In a ruling that does not bode well for anti-piracy advocates, the Paris Court of Appeals ordered local DVD vendors to remove copies of David Lynch’s Mulholland Drive from store shelves this week, claiming that copy-prevention software on the DVD violates privacy rights of consumers.
The suit was filed by consumer advocacy group UFC-Que Choisir after a man who’d rented the film found that he was not able to copy the film from DVD to VHS so that he could watch the film at his mother’s house.
Pundits have already gone on record to proclaim the ruling could prove to be a major setback for the DVD industry. “This ruling means that 80 percent of DVDs now on the French market are equipped with illegal mechanisms,” said Julien Dourgnon, a spokesman for UFC-Que Choisir.

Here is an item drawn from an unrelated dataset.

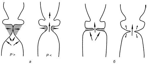 Рис. 18.7. Форма и направление колебаний голосовых складок при фонации низкого (а) и высокого (б) звуков. Слева – максимальное сближение голосовых складок; справа – максимальное расхождение голосовых складок; большие стрелки указывают вектор силы барометрического давления и направление движения воздуха; маленькие – направление колебания голосовых складок. Р >, P< – соответственно повышение и понижение давления в подскладочном пространстве

But, while mainstream DVD companies may soon be sweating bullets over potential losses, the adult industry may have nothing to worry about. “The DVD copy protection that they struck down is one that is not generally used by most companies, including ours, so it is not that big a deal,” Keith Webb, Vice President of gay adult giant Titan Media, told AVNOnline.com earlier today. Though Titan has been a proponent of anti-piracy legislation, Webb went on to say, “The use of anti-copying protection on DVDs is waste of time and is not effective. If someone wants to make a copy of a DVD they are going to find a way to do it and nothing we can do is going to stop them.
“This decision does not have any big impact on piracy or on the adult business,” Webb continued. “In five to seven years there will be no DVDs and everything will be DRM'd files sold online or sent directly into people’s homes. DRM-protected files cannot be copied, so this will not be an issue.”